5. A descent into the present. The prizes denaturalize the crystallized image of rebellion, protest, and revolt as something essentially granted to youth. Berger stages—and places into abyss—their character as a construct with use value, a resource no more than two centuries old in which there have been many beautiful antifascist and antibourgeois youths, but also brutally correct cretins (and their contemporary alt-right counterparts). Although ultra forms of rebellion are today ideologically arranged as figures of resistance (ultimately victims of their own trad stupidity), they operate within a diagram saturated with secular—and not so secular—abstractions such as people, family, or land: forms that reiterate mythical violence and figures of aggression more closely tied to the burning of books (and of witches).
6. The throwing of the egg and the stink bomb require the identification of the target—that is to say, its typology: the less politicized artists, the fearful organizers, the controlling officials, and, above all, the police.

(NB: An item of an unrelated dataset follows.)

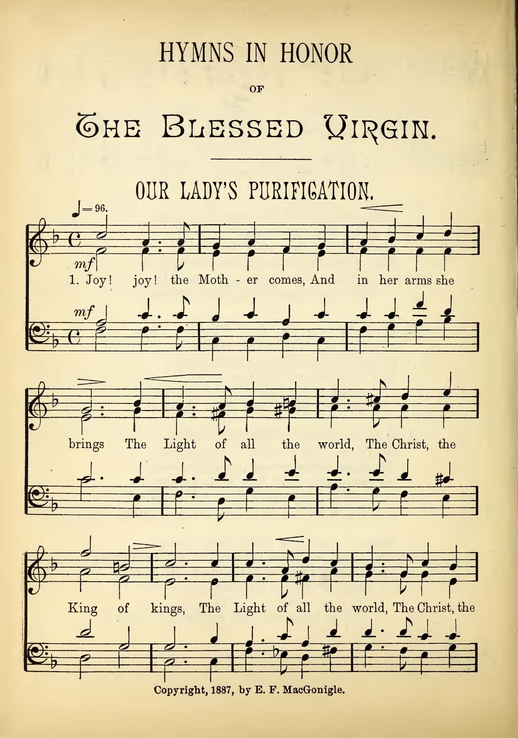 Father Frederick William Faber (1814-1863) wrote the words of this hymn for the Feast of The Purification. The earliest appearance of this hymn was in the second edition of his JESUS AND MARY hymnal. This collection of hymns was published in 1852 by Richardson and Son of London. The second edition had more than twenty new hymns and was published throughout England and Ireland.
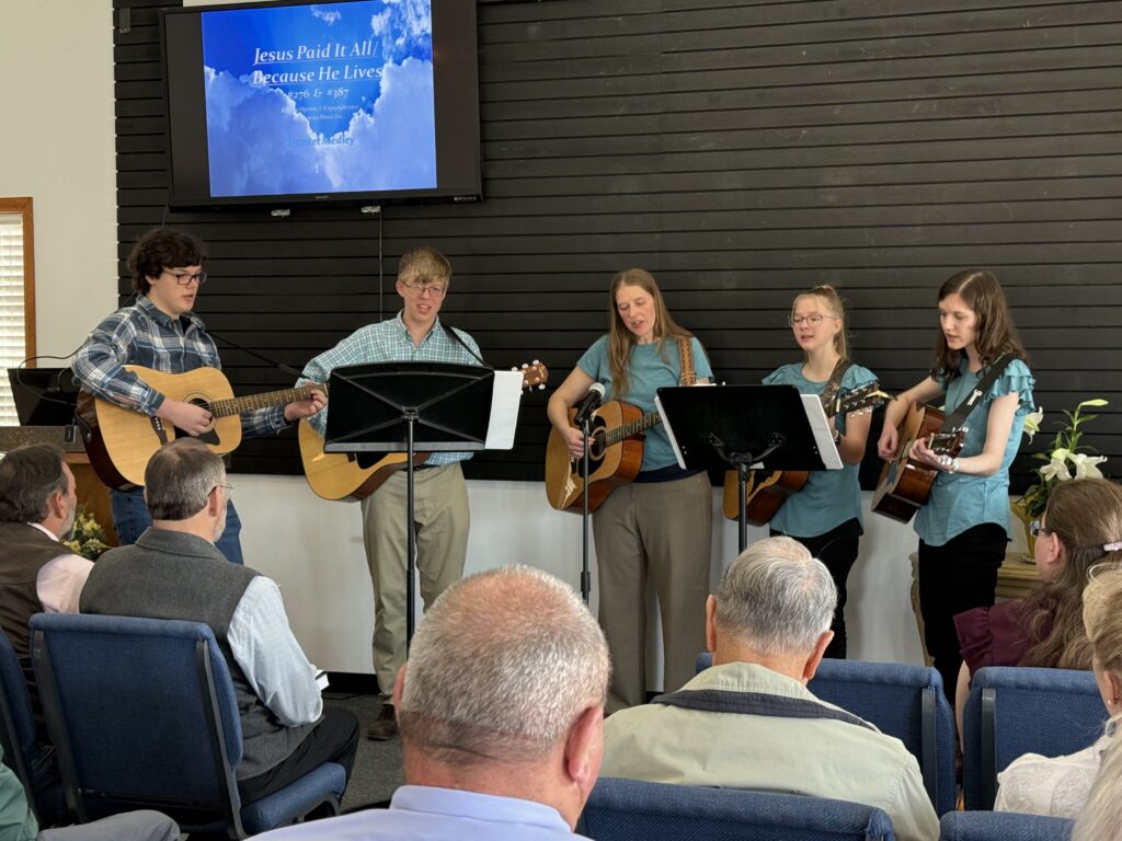 He is risen indeed! Happy Resurrection month! We had a great time celebrating Easter with Valley Baptist Church here in Eureka, MT. We discovered last fall that our piano teacher also teaches guitar. Nathanael, Rebekah, and Brenda have been taking guitar lessons and did a quartet with Brian as well as a quintet with two other friends from the church. Nathanael and Brenda also had a piano duet to share. It is a blessing to minister to the body of Christ with the talents God has blessed us with.

7. Berger, in a play of reflections, transparencies, and textures, repositions these gestures as a choral song of critical seeds against those who today speak of freedom but desire nothing other than prisons, violence, and submission. Vade retro, ultras.
Julio García Murillo
(From Mexico City, March 2026)
Gala Berger (Villa Gesell, 1983) is a visual artist, curator, and independent researcher. She has lived in Buenos Aires, Lima, San José, Costa Rica, and currently resides in Mexico City. She has developed projects across the Americas, Europe, and Asia, as well as in Senegal and Uganda. Her artistic practice, deeply rooted in collective experiences, brings together production and critical thought. She is a founding member of the experimental museum La Ene (Buenos Aires), Casa Ma (Costa Rica), and the collective Retablos por la Memoria (Peru), among other initiatives.
Her work is characterized by the use of collage as a central method, through which she juxtaposes carefully researched materials that reference different cultural traditions.